A sixteenth arrested person, union leader Fred Derby, was released unexpectedly on December 8. Derby reported his experiences on December 8, 2000, saying he was not murdered because, Bouterse told him, he was needed to cool the temper of the unions, which were frequently on strike at that time.

Victims of the December murders

  • John Baboeram, lawyer
  • Bram Behr, journalist
  • Cyrill Daal, union leader
  • Kenneth Gonçalves, lawyer
  • Eddy Hoost, lawyer
  • André Kamperveen, journalist and businessman
  • Gerard Leckie, university teacher
  • Sugrim Oemrawsingh, university teacher
  • Lesley Rahman, journalist
  • Surendre Rambocus, military
  • Harold Riedewald, lawyer
  • Jiwansingh Sheombar, military
  • Jozef Slagveer, journalist
  • Robby Sohansingh, businessman
  • Frank Wijngaarde, journalist (with Dutch citizenship)
  • The suspects

    In the December murders trial that commenced on November 30, 2007 there were 25 suspects with Desi Bouterse being the only main suspect.

    Only after many years the Surinamese government took the first official legal steps toward clarifying the case. After the murders, the victims' bodies were buried without post mortem examinations having been performed; moreover, no legal investigation was conducted.

    Politically, the murders continue to exert an influence on Surinam politics. After the 2010 Parliamentary elections, won by Bouterse, then-president Ronald Venetiaan refused to even mention Bouterse's name or congratulate him; Venetiaan, the Minister of Education in the government of Henck Arron, prime minister of the government overthrown by Bouterse in 1982, was a personal friend of most of the fifteen victims.

    After the election of Bouterse as president of Suriname in August 2010, Parliament moved in 2012 to amend a 1992 amnesty law to include the period of the December murders.

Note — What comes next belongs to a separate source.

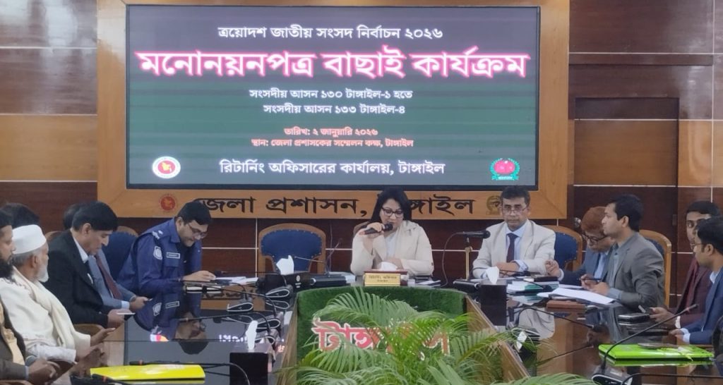 শনিবার (৩ জানুয়ারি) বাকি ৪টি আসনের মনোনয়নপত্র যাচাই-বাছাই করা হবে। আসনগুলো হলো,টাঙ্গাইল-৫ (সদর), টাঙ্গাইল-৬ (নাগরপুর-দেলদুয়ার), টাঙ্গাইল-৭ (মির্জাপুর) এবং টাঙ্গাইল-৮ (বাসাইল-সখীপুর)।

The amendment was signed into law in April 2012 by the vice president, and resulted in halting the murder trial against (among others) then-president Desi Bouterse. The trial in front of the court-martial was halted to await a judgment of the Constitutional Court - which was defined by law, but never appointed. After some years of standstill and no appointment of a Constitutional Court, the trial continued in 2015 after an order of the court-martial. Using his authority as defined in article 148 of the Constitution of Suriname, President Bouterse then declared that the trial was a threat to national security, and ordered the prosecutor to halt prosecution on 29 June 2016. The court-martial was expected to continue the trial and consider this new fact by 30 November 2016, but this time the trial was postponed until 30 January because of illness of one of the judges. Eventually the court-martial ordered the prosecutor on 30 January 2017 to read the charges and ignore the instructions by the President because the matter was no longer in hands of the executive but of the judicial branch. Next, the continuation of the trial was postponed to await the outcomes and timelines in other trials.

    United Nations

    In 1983, relatives of eight of the victims asked the United Nations Human Rights Committee to state their opinion on the case. They wanted the Committee to state that the executions were contradicting with the International Covenant on Civil and Political Rights. They assumed that within Suriname there were no legal means for them. Although the Suriname government requested to have the case declared as insusceptible, the committee judged that the 15 victims were "arbitrarily deprived of their lives contrary to article 6 (1) of the International Covenant on Civil and Political Rights", and appealed Suriname to investigate the murders and prosecute the ones responsible.